Commentary: The Signal and the Noise—questioning the benefits of puberty blockers for youth with gender dysphoria—a commentary on Rew et al. (2021)

In less than a decade, there has been a sharp rise in the numbers of young people presenting with gender dysphoria (GD). Today, the majority are adolescents, many with post-puberty adolescent-onset transgender histories, and suffering from mental health and neurodevelopmental comorbidities (De Vries, 2020; Zucker, 2019).
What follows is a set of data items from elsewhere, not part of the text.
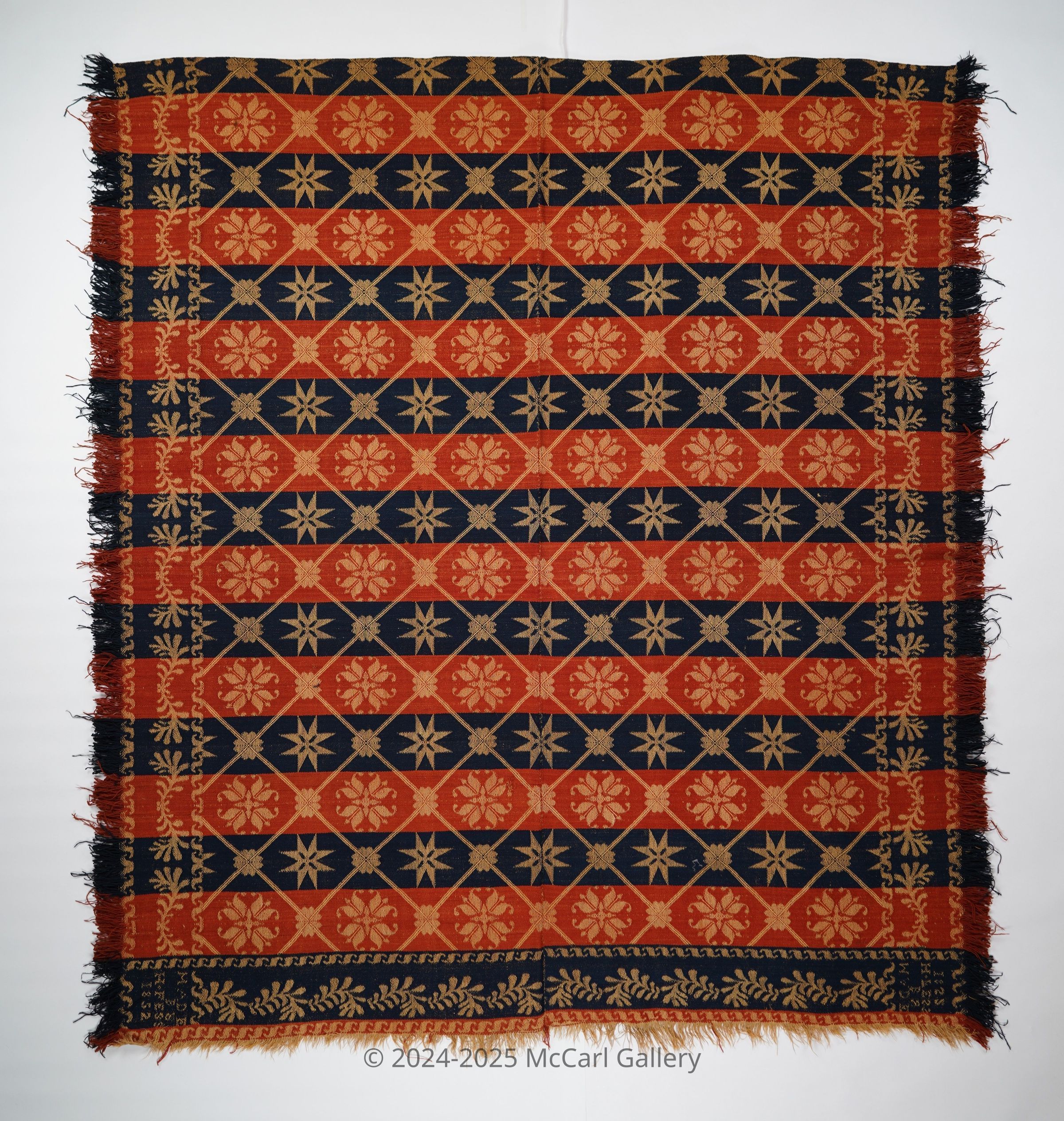 Red, navy, and natural figured coverlet with border and self-fringe on three sides. Woven by Henry Fess in Westmoreland Co., Pennsylvania in 1852.Collection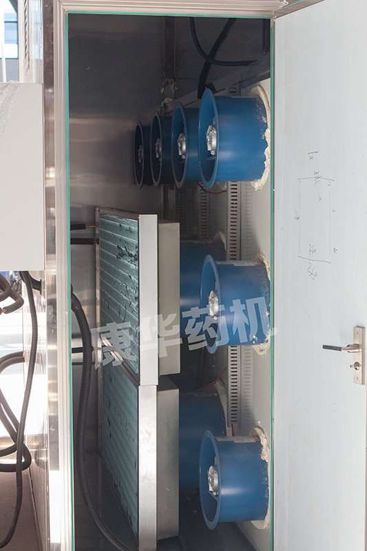 熱泵低溫蒸發(fā)器把流經(jīng)的空氣溫度降至露點(diǎn)溫度以下,使空氣析出水份(冷凝水由排水管排出烘干房外)。絕對溫度降低,再利用熱泵冷凝器加熱空氣,提高空氣溫度,降低相對濕度,產(chǎn)生高溫低濕的干燥空氣,干燥空氣流經(jīng)物料帶走水份再次回到蒸發(fā)器,形成干燥循環(huán),經(jīng)過多次干燥循環(huán)后,完成物料干燥作業(yè)。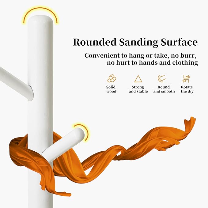 - Healthy Freestanding Coat Rack - Made of natural solid rubber wood. Safe paint, non-toxic. There are white parts label stickers on the wooden parts, and the labels can be blown with a hot air blower before removing, which makes it easier to remove the labels.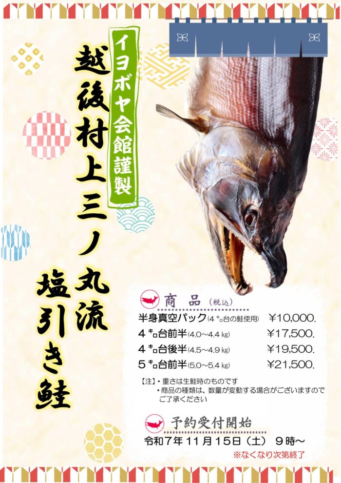 11月15日(土)9時~「越後村上三ノ丸流塩引き鮭」予約販売の受付を開始します!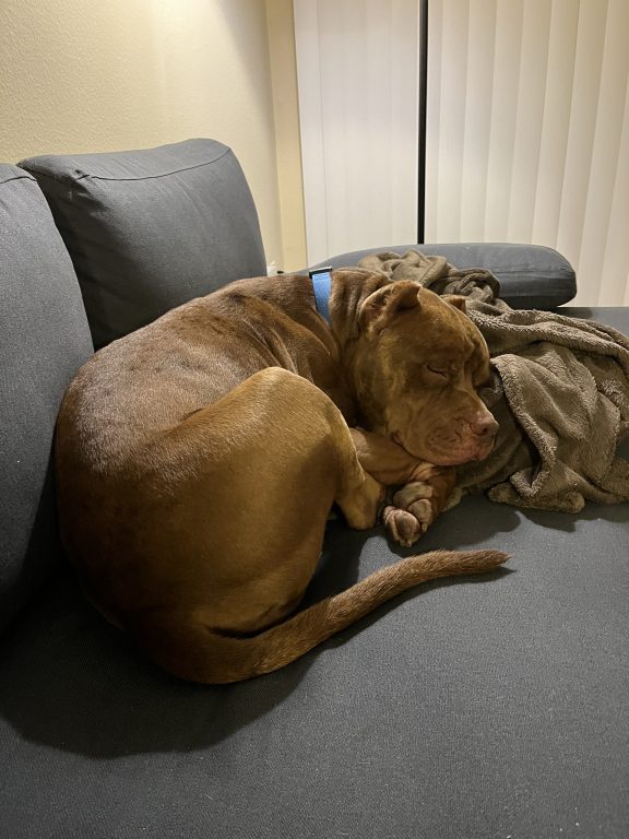 Knuckles loves to cuddle and thinks he’s still a puppy, often trying to sit in your lap whenever he sees an opportunity. He’ll follow you around all day, always wanting to be close to you. Tug of war is his favorite game, and he never barks, maintaining a calm demeanor.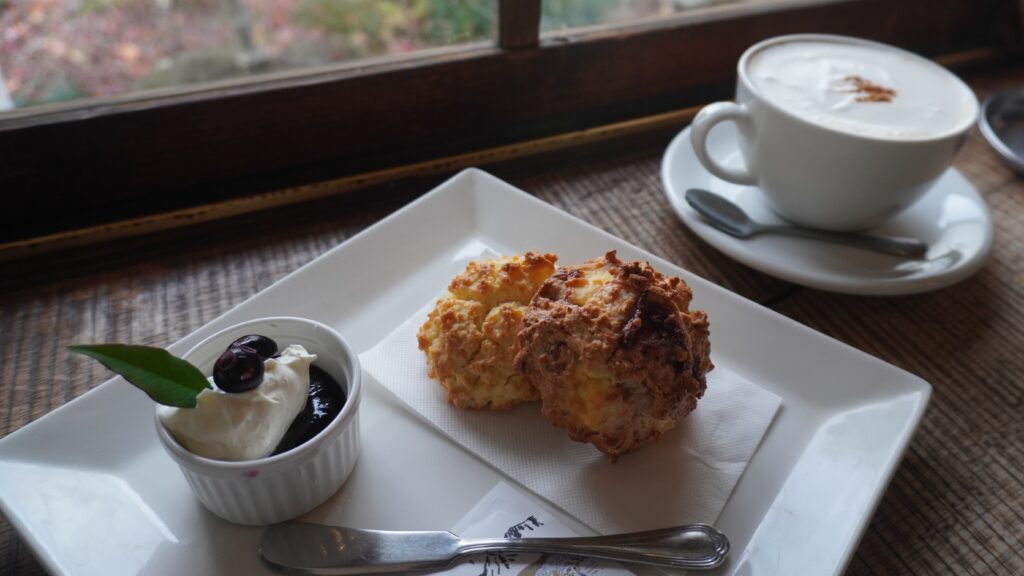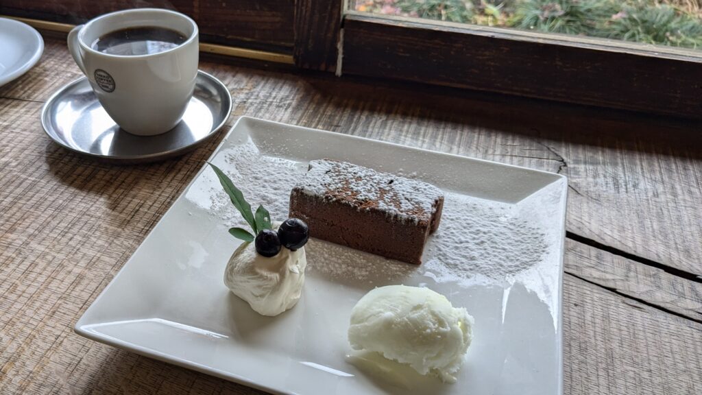 香り豊かな自家焙煎のハンドドリップコーヒーと、ゴツゴツとしたスコーンやガトーショコラのケーキプレートをいただきながら一服。旅の疲れが一気に癒され、思わず旅を再開するのを忘れてしまいそうでした。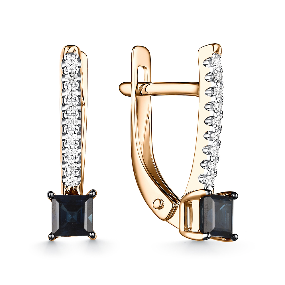 Серьги из золота с камнем Бриллиант, Сапфир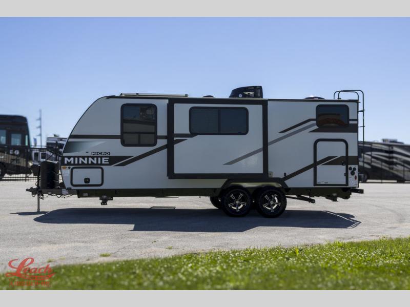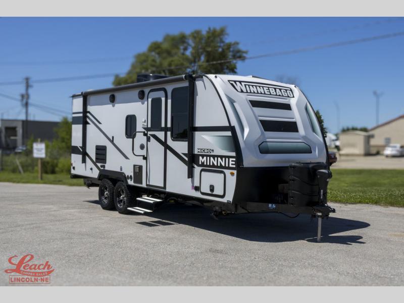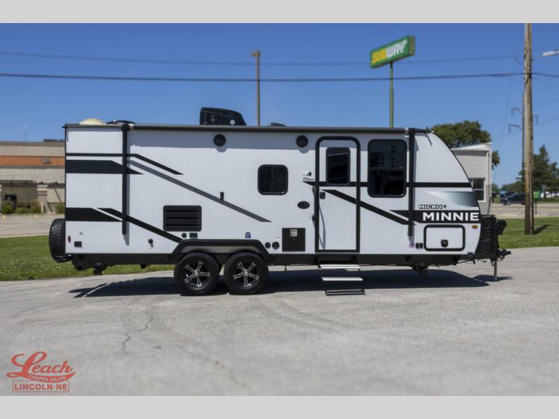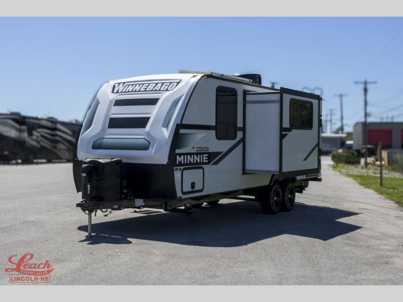 Start out on your boundless journey in one of these Winnebago Industries Towables Micro Minnie travel trailers! Towing is made simple with the 7' width to keep your Micro Minnie in your rear-view mirror. They don't lack in features either although they are compact in size. The spacious galley including a sink, refrigerator, two burner cooktop, and even a microwave oven allows you to cook without compromise. You will not only enjoy the entertainment found indoors with an LED TV, a JBL premium sound system and Aura Cube high performance mechless media center, but outdoors you will also enjoy the JBL premium speakers and a power awning with LED lighting. Each model also comes with flexible exterior storage to make packing quick and easy. What are you waiting for, come choose your model today!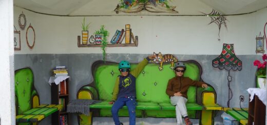 Nous sommes désormais en phase avec le vent (voilà qui change un peu). Nous sommes rapidement au supermarché pour notre deuxième session de courses. Il nous reste 5 km à parcourir jusqu’au camping que nous visons. Ils sont vite parcourus et nous pouvons installer les tentes dans ce qui ressemble plus à un gros jardin qu’à un camping. Les toilettes sèches ne plaisent pas trop aux enfants, ils espéraient plus de confort. La douche est également assez spéciale, il faut savoir se laver sans trop d’intimité. C’est aussi notre premier camping sans cuisine partagée, mais il n’est vraiment pas cher !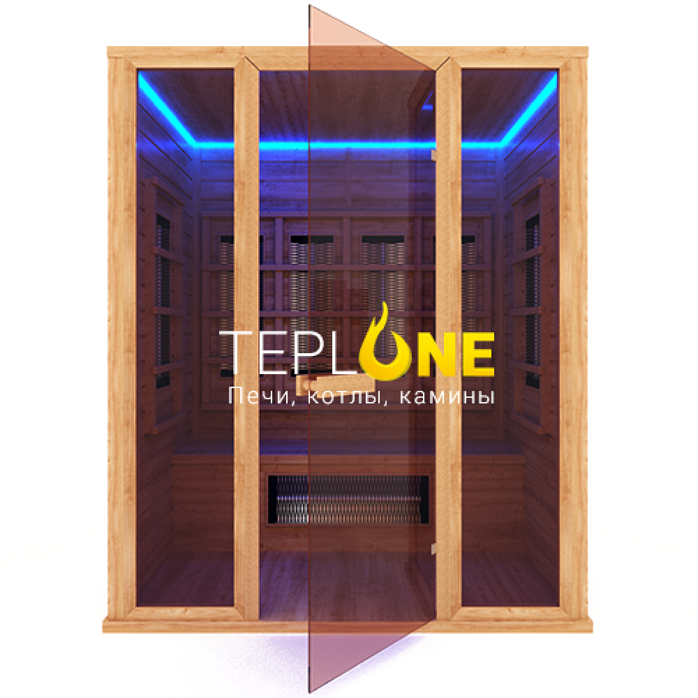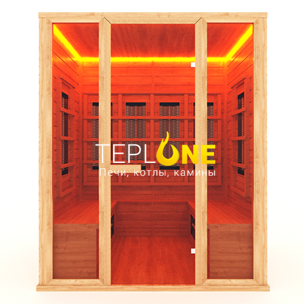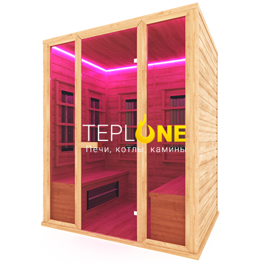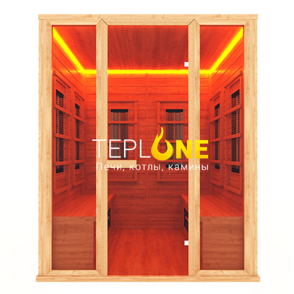 Инфракрасная сауна из кедра прямая (пристенная) вместимостью от 1 до 6 человек с керамическими нагревателями.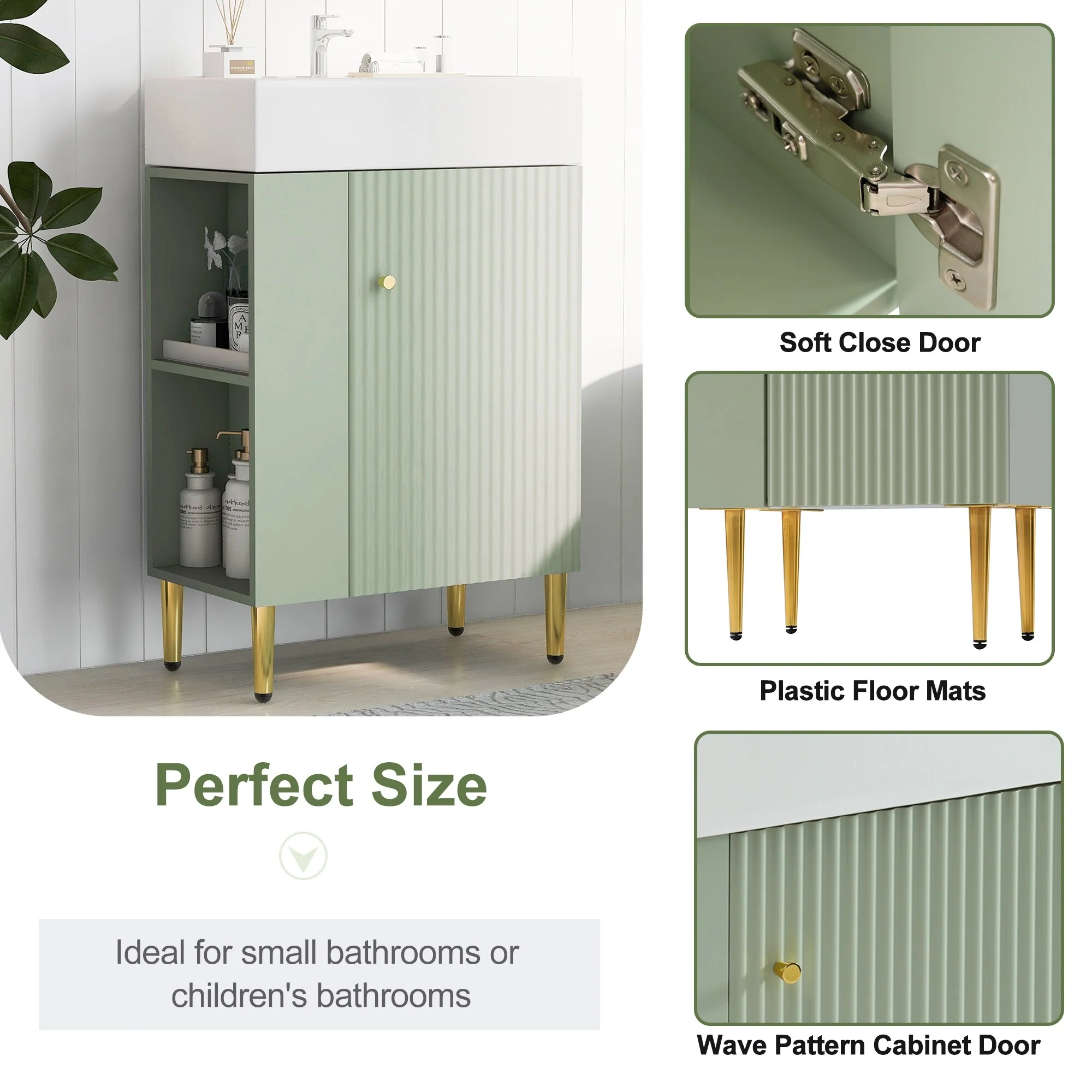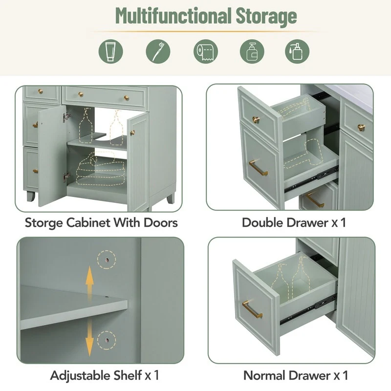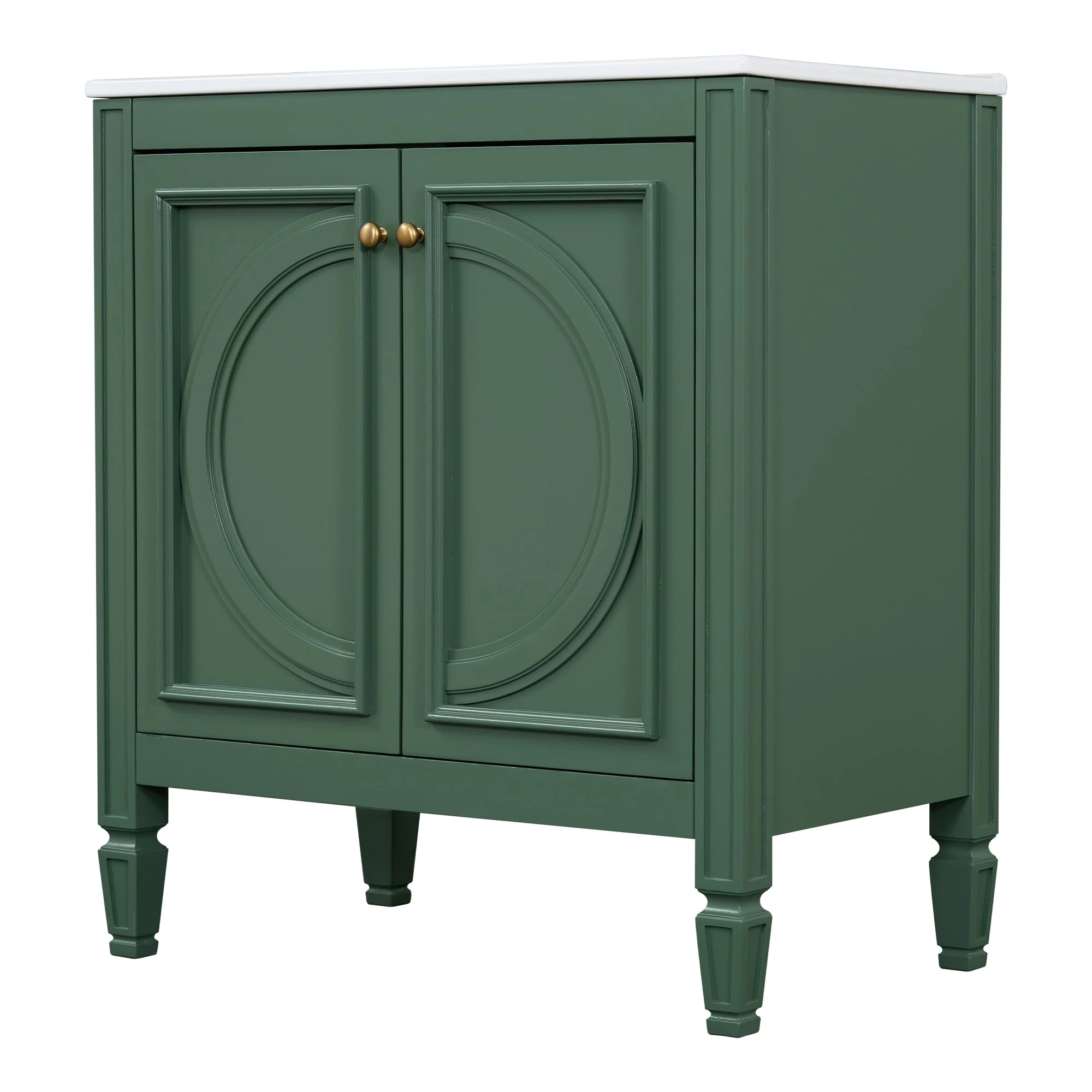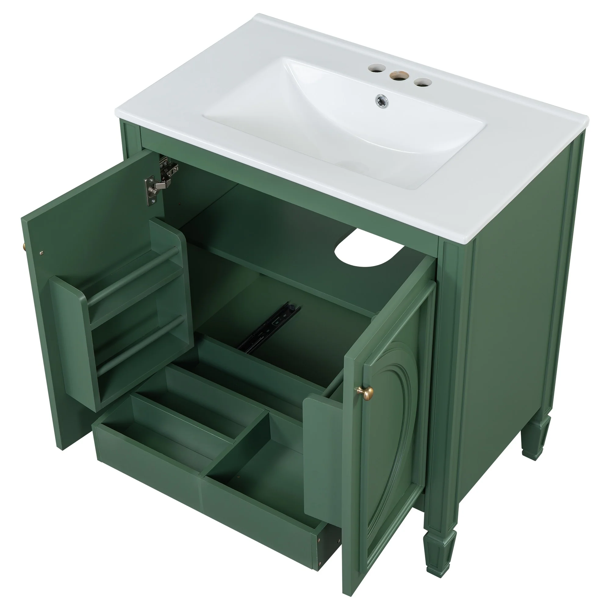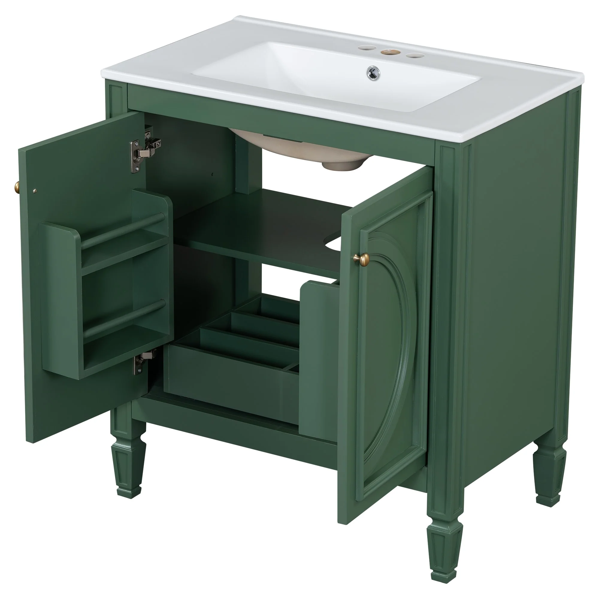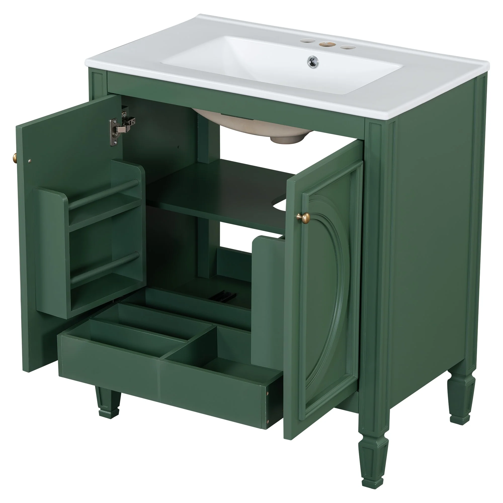 30-inch Bathroom Vanity with Ceramic Sink, Modern Green Single Bathroom Cabinet with 2 Doors and a Shelf, Soft Close Doors

Furthermore, there is controversy and heated debate in the literature on this topic (Dubicka, 2021). This lack of scientific consensus highlights the need for any published literature on the topic of GD to be carefully evaluated.

In this commentary, we critically examine a systematic review of the evidence for puberty blockers for GD youth that was recently published in this journal (Rew, Young, Monge, & Bogucka, 2021). Our aim is to highlight problems with this review that compromise its findings and conclusions.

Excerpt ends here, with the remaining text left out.